*INPUT DATA*:

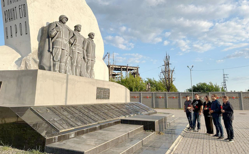 Они возложили цветы к памятнику азовстальцам, погибшим и пропавшим без вести в годы Великой Отечественной войны. Этот мемориал появился у проходных «Азовстали» в 1967 году и спустя годы был разрушен ВСУ. В прошлом году памятник восставили.
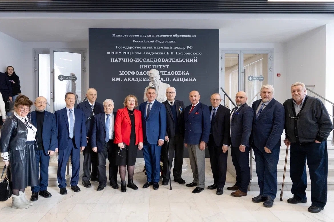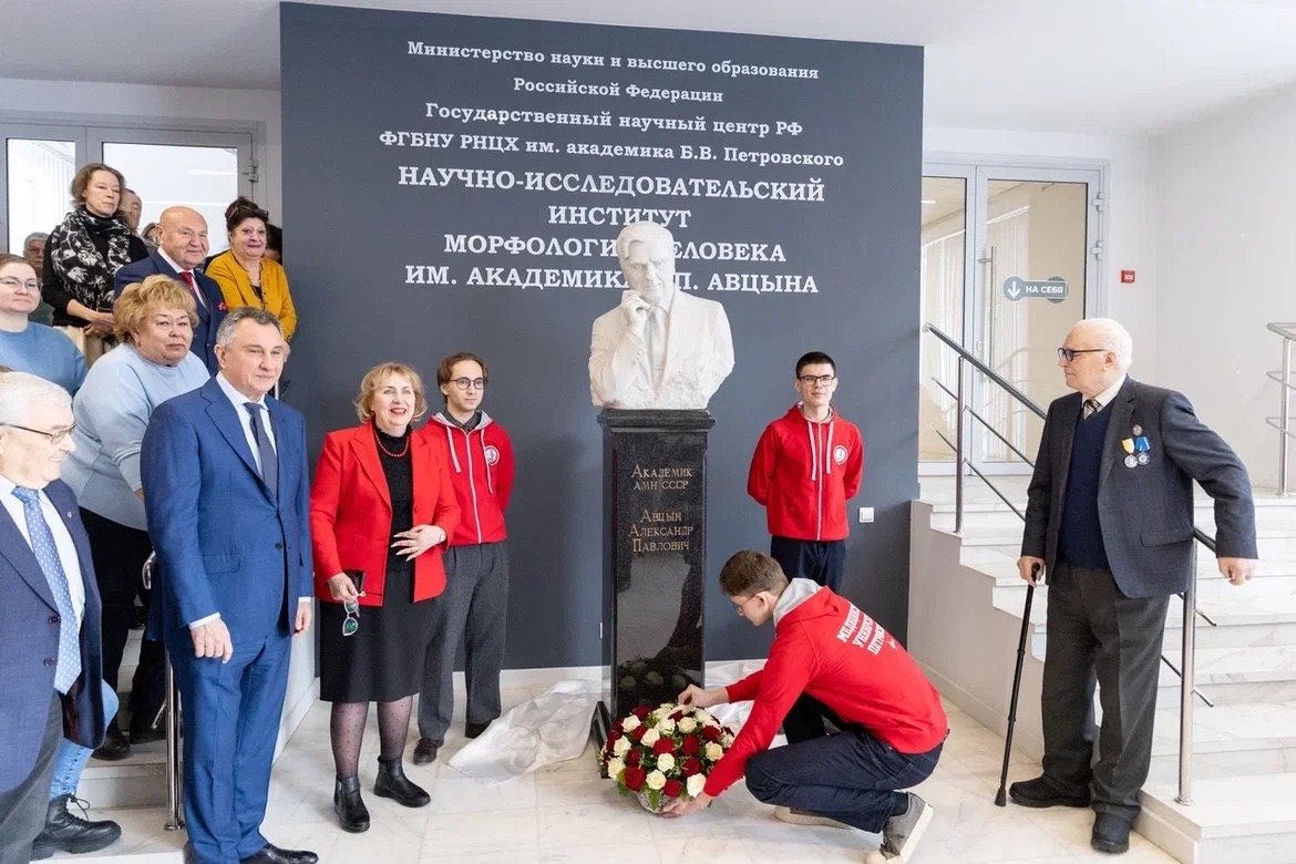 09 февраля 2026 г. в Институте морфологии человека ФГБНУ «РНЦХ им. акад. Б.В. Петровского» открыли памятник основателю - академику АМН СССР Александру Павловичу Авцыну. Мероприятие было приурочено к празднованию Дня российской науки. Гостями торжественной церемонии стали ученики и последователи А.П. Авцына, коллеги из крупных федеральных медицинских научных центров, студенты Медицинского университета Петровского.
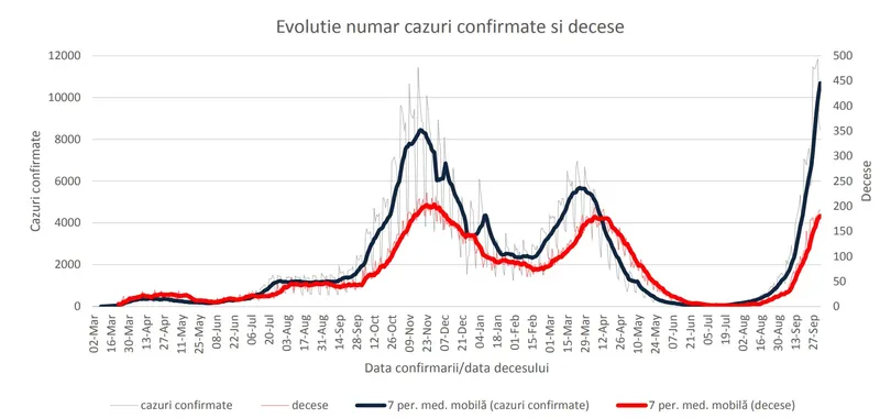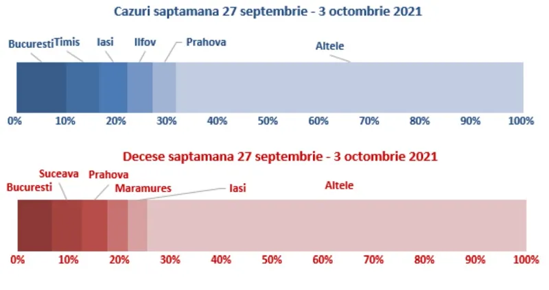 Situația COVID pentru săptămâna 27 septembrie – 3 octombrie 2021 arată astfel, conform raportului INSP:

*TRY IT*:
Your task is to return the lines above, from the first one up to and including the line containing "09 февраля 2026", minus any pictures.

*EXERCISE ANSWER*:
 Они возложили цветы к памятнику азовстальцам, погибшим и пропавшим без вести в годы Великой Отечественной войны. Этот мемориал появился у проходных «Азовстали» в 1967 году и спустя годы был разрушен ВСУ. В прошлом году памятник восставили.
 09 февраля 2026 г. в Институте морфологии человека ФГБНУ «РНЦХ им. акад. Б.В. Петровского» открыли памятник основателю - академику АМН СССР Александру Павловичу Авцыну. Мероприятие было приурочено к празднованию Дня российской науки. Гостями торжественной церемонии стали ученики и последователи А.П. Авцына, коллеги из крупных федеральных медицинских научных центров, студенты Медицинского университета Петровского.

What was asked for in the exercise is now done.